You have apparently useless genes in your genetic code as well.
These regex's are generated with genetic programming techniques, so they are not guaranteed to be an optimal solution, just a good (by the metric of working) one.
The optimizations are great to apply to an end result, but the Genetic Programming process probably won't benefit from the expressions being optimized 'along the way' because some of the 'junk' subexpressions allow for more robustness in the face of the genetic operators.
Putting it another way, your highly optimized version (4) is likely to be much more brittle to small 'defects' than (1).
Actually, the last point can be overstated, because the optimizations he applied created a functionally equivalent state machine to the non-optimized version. If it overfitted, the original GA-generated algorithm overfitted as well.
My "optimizations" were trivial, in that they don't change the behavior of the regex at all, they just simplify it. As khafra points out, they are equivalent.

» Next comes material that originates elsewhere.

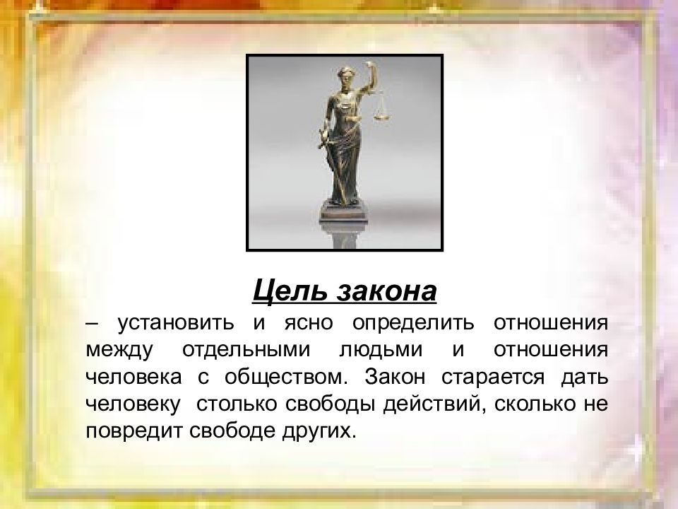 Цель закона – установить и ясно определить отношения между отдельными людьми и отношения человека с обществом. Закон старается дать человеку столько свободы действий, сколько не повредит свободе других.

I also wasn't trying to say those simplifications should be applied between iterations of the algorithm, only at the end.
Understood - and I was just making the observation that the expressions produced during the process were junky in a way that's characteristic of the way they are evolving : Mixing together two honed expressions would produce much more extreme deviations in 'children' than the offspring of two of these hairy expressions.
Not only are the expressions tending to get more accurate with each generation, but their degree of 'evolvability' is also being selected for.
- find "small" regex that defines the language for the example — hard problem
- minimize the regex (the language stays the same) — can be solved efficiently
It's also got a useless non-capturing group and lookahead.